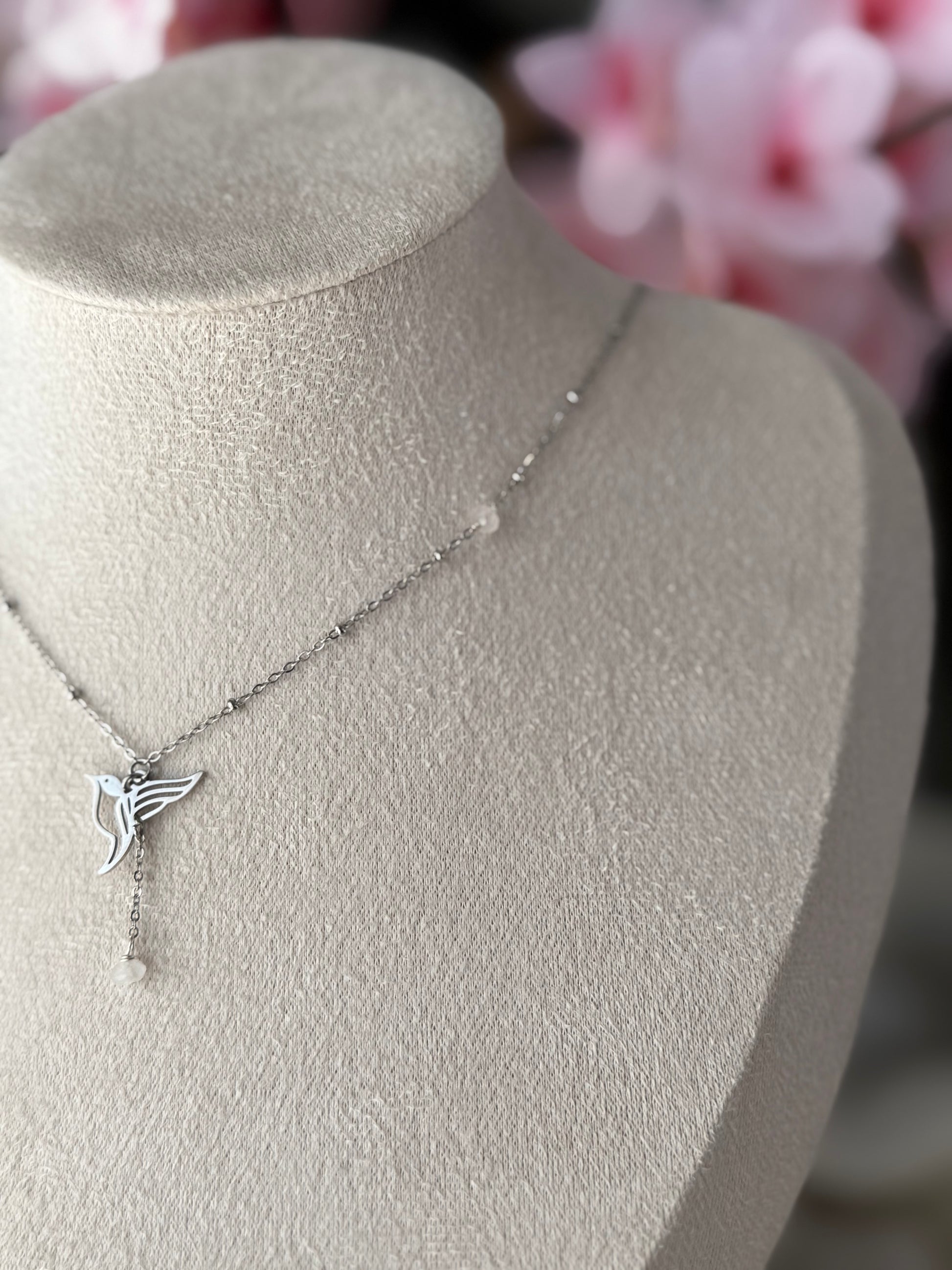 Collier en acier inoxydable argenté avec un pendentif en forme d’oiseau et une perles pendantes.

--

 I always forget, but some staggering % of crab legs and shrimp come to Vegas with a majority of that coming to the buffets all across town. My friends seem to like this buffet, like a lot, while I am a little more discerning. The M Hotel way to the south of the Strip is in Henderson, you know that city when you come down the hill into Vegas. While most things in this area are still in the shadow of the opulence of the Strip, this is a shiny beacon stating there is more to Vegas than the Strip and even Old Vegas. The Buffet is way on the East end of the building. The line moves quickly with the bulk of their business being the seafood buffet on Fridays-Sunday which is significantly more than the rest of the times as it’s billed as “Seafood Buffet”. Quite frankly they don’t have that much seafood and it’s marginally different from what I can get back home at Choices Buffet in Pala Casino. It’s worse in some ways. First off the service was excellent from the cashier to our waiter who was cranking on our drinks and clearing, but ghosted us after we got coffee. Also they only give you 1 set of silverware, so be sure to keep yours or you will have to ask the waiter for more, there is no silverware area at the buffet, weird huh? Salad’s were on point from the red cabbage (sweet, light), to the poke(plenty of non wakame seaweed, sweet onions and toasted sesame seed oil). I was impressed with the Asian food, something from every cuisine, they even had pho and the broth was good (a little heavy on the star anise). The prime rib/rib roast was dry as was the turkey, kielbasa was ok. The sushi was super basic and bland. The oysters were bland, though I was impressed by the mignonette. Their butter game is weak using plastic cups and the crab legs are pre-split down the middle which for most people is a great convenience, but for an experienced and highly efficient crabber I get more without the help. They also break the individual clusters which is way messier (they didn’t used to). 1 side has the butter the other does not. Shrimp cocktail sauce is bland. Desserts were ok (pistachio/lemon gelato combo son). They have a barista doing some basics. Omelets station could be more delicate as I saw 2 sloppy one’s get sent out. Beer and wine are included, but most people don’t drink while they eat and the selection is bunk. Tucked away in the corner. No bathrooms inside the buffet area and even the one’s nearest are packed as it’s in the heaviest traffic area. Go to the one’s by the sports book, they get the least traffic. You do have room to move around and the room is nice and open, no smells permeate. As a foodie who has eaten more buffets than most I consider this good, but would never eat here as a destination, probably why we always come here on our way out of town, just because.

...

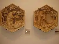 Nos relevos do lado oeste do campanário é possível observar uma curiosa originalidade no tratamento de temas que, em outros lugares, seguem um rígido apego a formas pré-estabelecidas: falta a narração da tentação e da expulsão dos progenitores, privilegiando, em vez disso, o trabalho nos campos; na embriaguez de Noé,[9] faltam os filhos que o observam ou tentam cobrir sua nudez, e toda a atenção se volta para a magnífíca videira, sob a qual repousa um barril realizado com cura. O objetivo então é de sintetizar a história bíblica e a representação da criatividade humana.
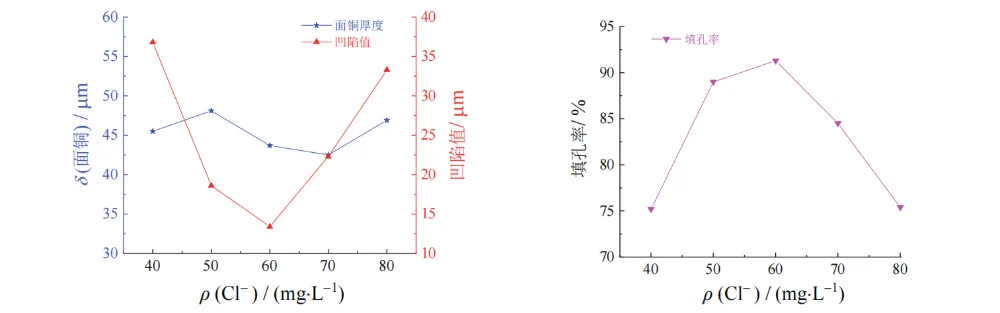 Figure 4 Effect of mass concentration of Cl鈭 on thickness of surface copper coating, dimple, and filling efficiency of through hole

> _Task brief_: Skip every picture, and restate word for word only the lines above from the line containing "Nos relevos do" to the line containing "Figure 4 Effect", both of them included.

> _Written solution_:
 Nos relevos do lado oeste do campanário é possível observar uma curiosa originalidade no tratamento de temas que, em outros lugares, seguem um rígido apego a formas pré-estabelecidas: falta a narração da tentação e da expulsão dos progenitores, privilegiando, em vez disso, o trabalho nos campos; na embriaguez de Noé,[9] faltam os filhos que o observam ou tentam cobrir sua nudez, e toda a atenção se volta para a magnífíca videira, sob a qual repousa um barril realizado com cura. O objetivo então é de sintetizar a história bíblica e a representação da criatividade humana.
 Figure 4 Effect of mass concentration of Cl鈭 on thickness of surface copper coating, dimple, and filling efficiency of through hole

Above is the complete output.